# ACTION ITEM
Give back, word for word, only the lines from the opening of the records through the one with "Серебряное кольцо с". Pictures stay out.

● ● ● ● ● ● ●

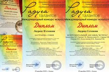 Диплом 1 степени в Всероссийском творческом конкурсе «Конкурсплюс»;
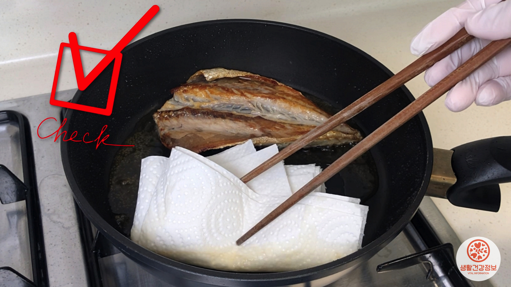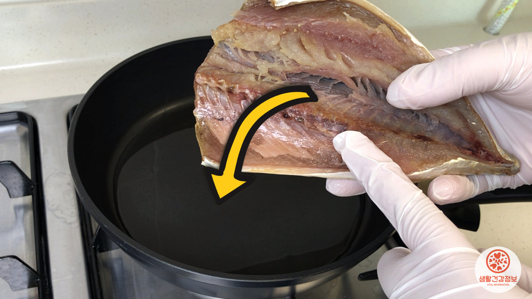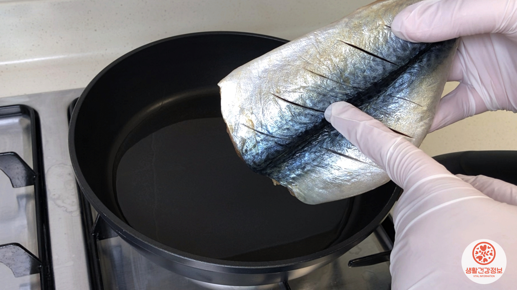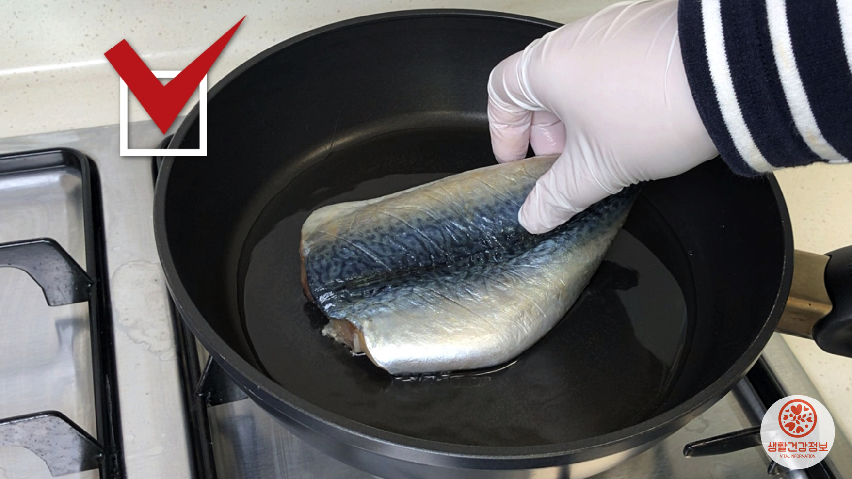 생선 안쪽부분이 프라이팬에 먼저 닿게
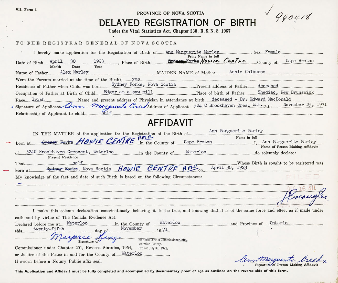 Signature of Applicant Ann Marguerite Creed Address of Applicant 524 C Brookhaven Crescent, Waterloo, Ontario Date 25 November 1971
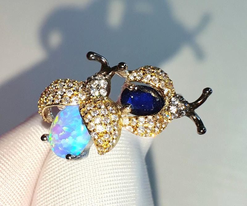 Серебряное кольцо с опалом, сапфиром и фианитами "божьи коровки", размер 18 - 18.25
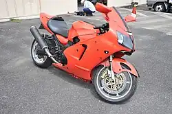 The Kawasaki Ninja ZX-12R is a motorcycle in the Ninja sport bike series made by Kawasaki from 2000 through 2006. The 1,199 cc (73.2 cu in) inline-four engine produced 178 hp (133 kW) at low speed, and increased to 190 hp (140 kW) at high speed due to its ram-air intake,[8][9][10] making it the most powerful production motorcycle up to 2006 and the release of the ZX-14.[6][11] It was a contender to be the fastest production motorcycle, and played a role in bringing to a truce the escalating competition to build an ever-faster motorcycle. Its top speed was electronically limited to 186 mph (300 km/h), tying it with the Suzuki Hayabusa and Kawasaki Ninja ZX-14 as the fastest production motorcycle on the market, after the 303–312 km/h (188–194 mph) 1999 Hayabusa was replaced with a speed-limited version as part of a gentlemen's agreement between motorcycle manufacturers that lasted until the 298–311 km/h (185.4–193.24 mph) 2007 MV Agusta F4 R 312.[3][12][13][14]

● ● ● ● ● ● ●

# WRITTEN RESPONSE
 Диплом 1 степени в Всероссийском творческом конкурсе «Конкурсплюс»;
 생선 안쪽부분이 프라이팬에 먼저 닿게
 Signature of Applicant Ann Marguerite Creed Address of Applicant 524 C Brookhaven Crescent, Waterloo, Ontario Date 25 November 1971
 Серебряное кольцо с опалом, сапфиром и фианитами "божьи коровки", размер 18 - 18.25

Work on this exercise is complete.